» **Task statement**
Your answer must be a word-for-word copy of the listing, with all pictures excluded.

» **Data provided**

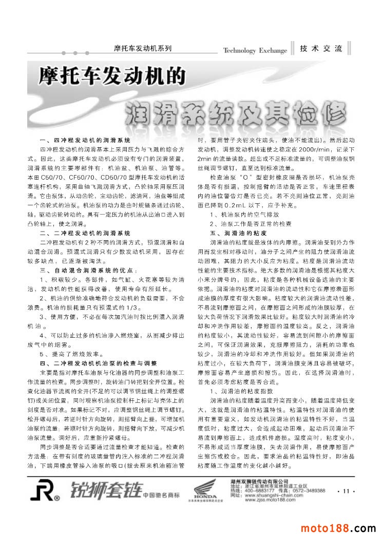 摩托車發(fā)動機潤滑系統(tǒng)及其檢修
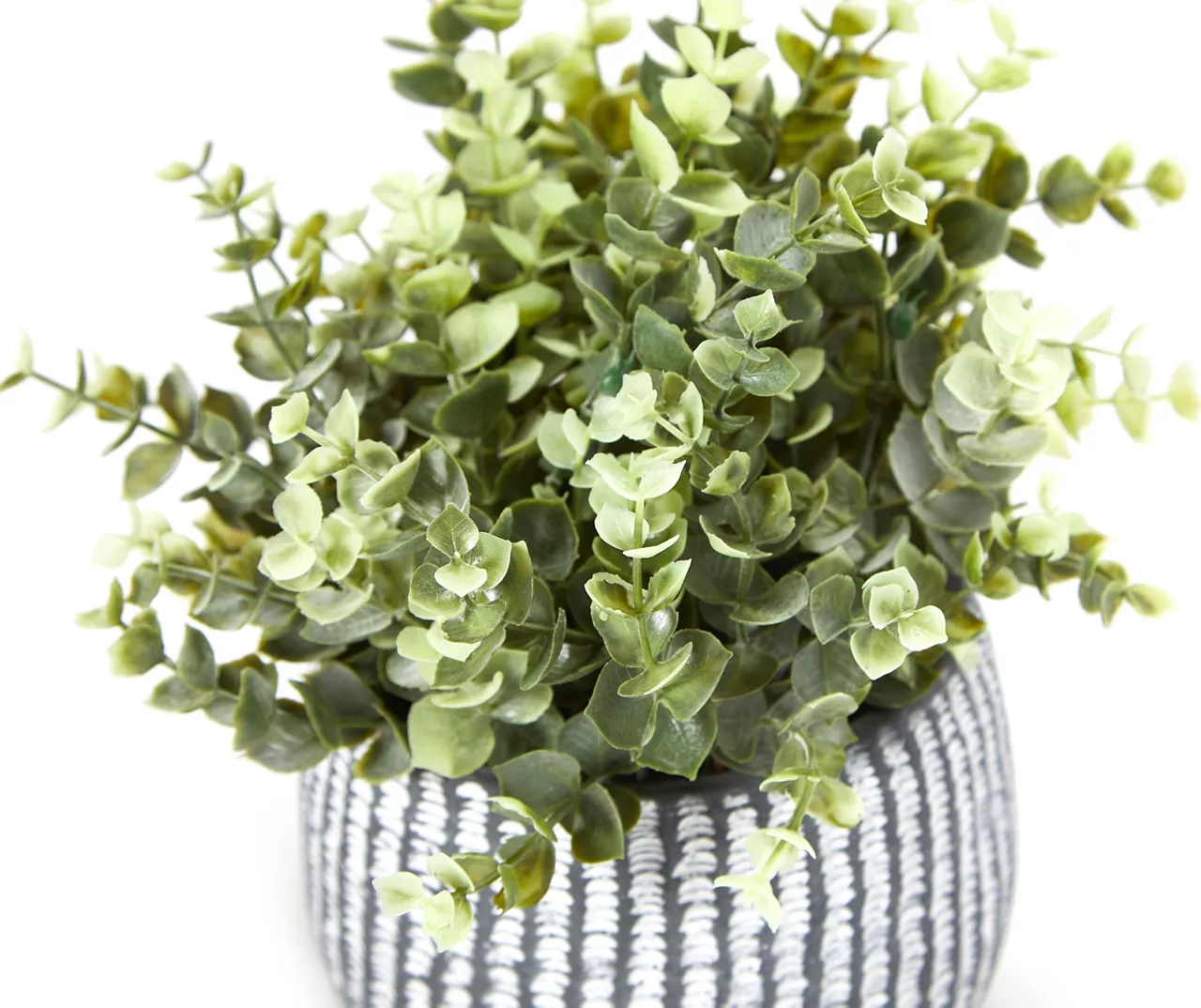 Add gorgeous greenery to your space without the upkeep using this artificial plant! Realistic Eucalyptus leaves are featured within a round cement pot accented with white dash lines. This maintenance-free plant is a lovely addition to a mantel, table or shelf.
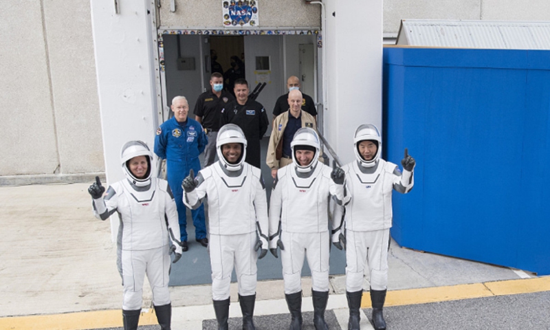 NASA astronauts Shannon Walker, left, Victor Glover, second from left, Mike Hopkins, second from right, and Japan Aerospace Exploration Agency (JAXA) astronaut Soichi Noguchi, right, wearing SpaceX spacesuits, stop to pose for a picture as walk out of the Neil A. Armstrong Operations and Checkout Building to depart for Launch Complex 39A during a dress rehearsal prior to the Crew-1 mission launch, on Nov. 12, 2020, at NASA's Kennedy Space Center in Florida. Photo: VCG
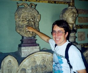 Although this statue is one a pontiff's sarcophagus, it is inspired by the Bocca Della Verita. It was used by the judges of Rome to see whether an individual was lying or not. When a person put his hand it the mouth and told a lie he would lose his hand. Many believe that the judges may have "helped" God to pass judgment when the thought the accused guilty. So Bob, are you having fun in Rome?

» **Exercise response**
 摩托車發(fā)動機潤滑系統(tǒng)及其檢修
 Add gorgeous greenery to your space without the upkeep using this artificial plant! Realistic Eucalyptus leaves are featured within a round cement pot accented with white dash lines. This maintenance-free plant is a lovely addition to a mantel, table or shelf.
 NASA astronauts Shannon Walker, left, Victor Glover, second from left, Mike Hopkins, second from right, and Japan Aerospace Exploration Agency (JAXA) astronaut Soichi Noguchi, right, wearing SpaceX spacesuits, stop to pose for a picture as walk out of the Neil A. Armstrong Operations and Checkout Building to depart for Launch Complex 39A during a dress rehearsal prior to the Crew-1 mission launch, on Nov. 12, 2020, at NASA's Kennedy Space Center in Florida. Photo: VCG
 Although this statue is one a pontiff's sarcophagus, it is inspired by the Bocca Della Verita. It was used by the judges of Rome to see whether an individual was lying or not. When a person put his hand it the mouth and told a lie he would lose his hand. Many believe that the judges may have "helped" God to pass judgment when the thought the accused guilty. So Bob, are you having fun in Rome?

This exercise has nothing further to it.